Problem to solve: Every line of the listing below from the one with "sugar cookies 20g" up to and including the one with "Coconut husks used" should be retyped exactly, and nothing else; pictures are not part of the copy.
----- Available data
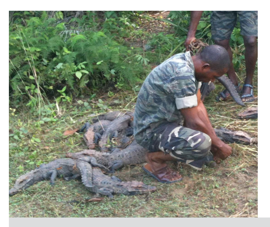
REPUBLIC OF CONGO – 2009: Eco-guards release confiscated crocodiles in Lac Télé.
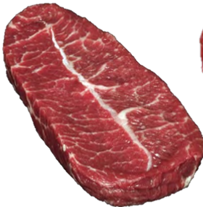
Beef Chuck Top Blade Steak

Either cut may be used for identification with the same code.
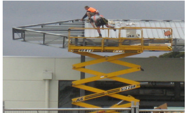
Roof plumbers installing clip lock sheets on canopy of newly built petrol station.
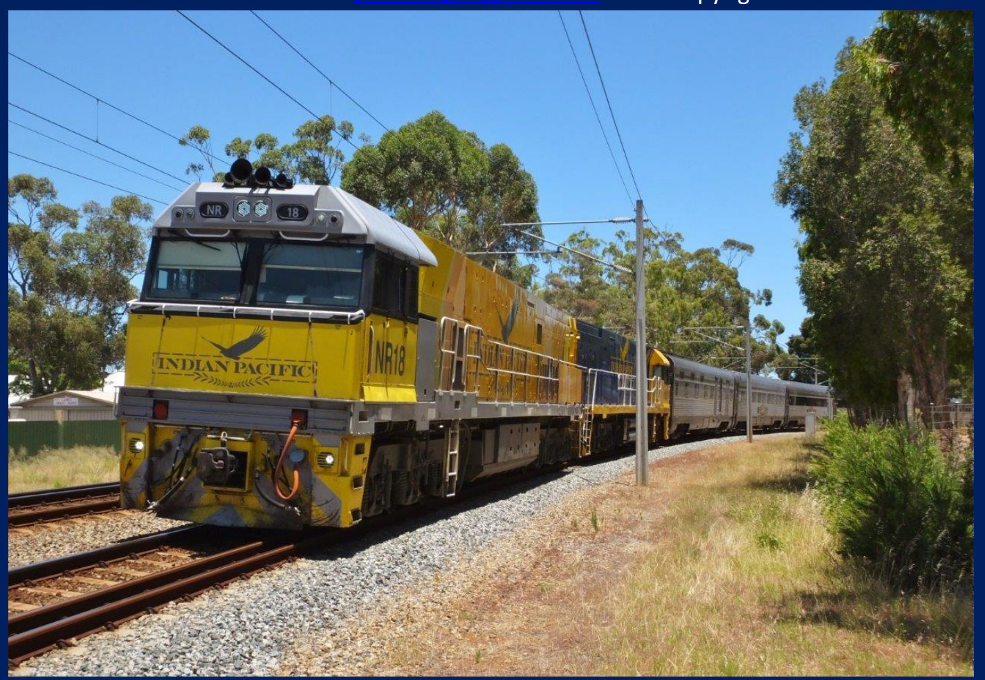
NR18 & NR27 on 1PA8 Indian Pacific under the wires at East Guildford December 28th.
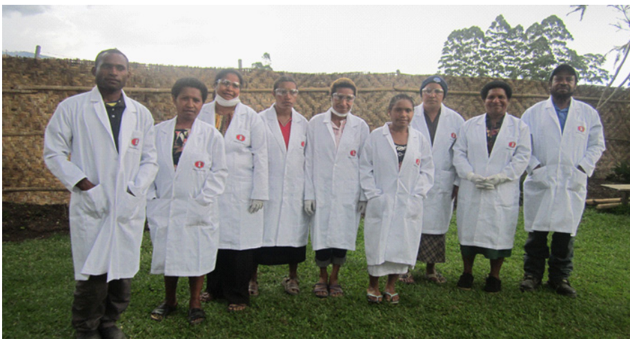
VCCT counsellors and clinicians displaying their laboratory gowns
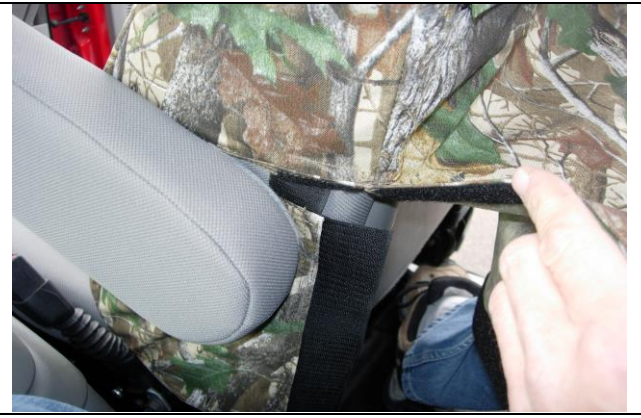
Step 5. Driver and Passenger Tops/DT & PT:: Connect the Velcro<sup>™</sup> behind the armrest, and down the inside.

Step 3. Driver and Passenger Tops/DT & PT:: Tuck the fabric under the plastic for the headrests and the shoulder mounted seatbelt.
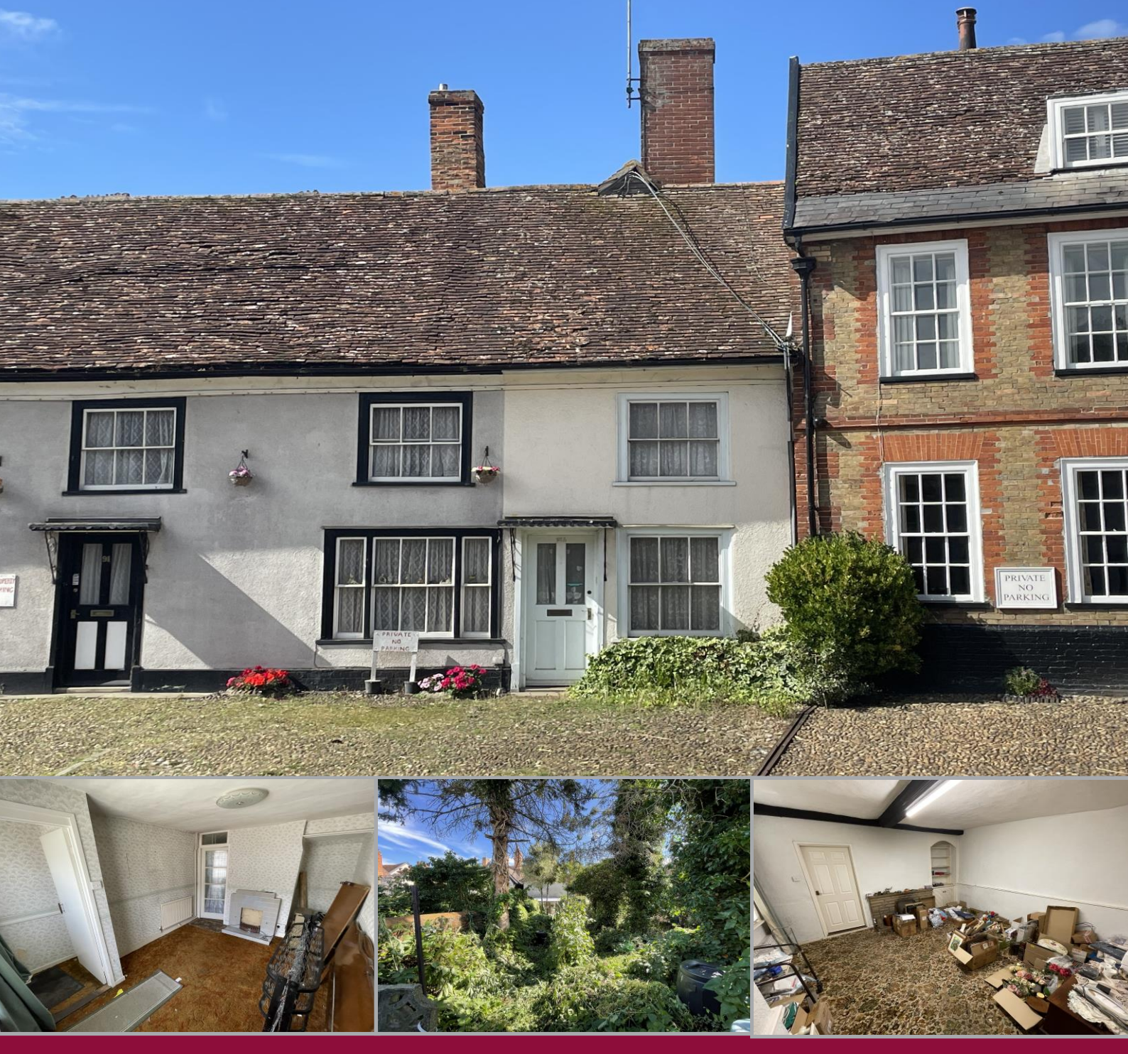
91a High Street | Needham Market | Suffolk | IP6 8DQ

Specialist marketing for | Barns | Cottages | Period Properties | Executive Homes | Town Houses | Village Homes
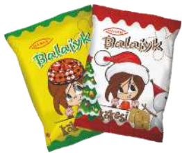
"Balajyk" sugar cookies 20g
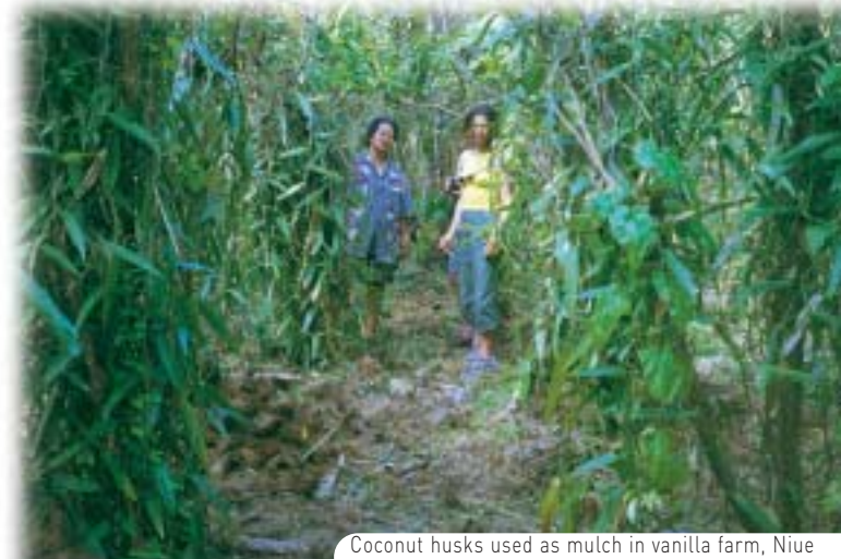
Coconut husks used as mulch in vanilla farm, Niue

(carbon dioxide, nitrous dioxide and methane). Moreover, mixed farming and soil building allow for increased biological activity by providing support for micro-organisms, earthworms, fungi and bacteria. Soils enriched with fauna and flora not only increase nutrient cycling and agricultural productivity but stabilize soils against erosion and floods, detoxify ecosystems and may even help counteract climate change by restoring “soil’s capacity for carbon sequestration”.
----------
Task result:
"Balajyk" sugar cookies 20g
Coconut husks used as mulch in vanilla farm, Niue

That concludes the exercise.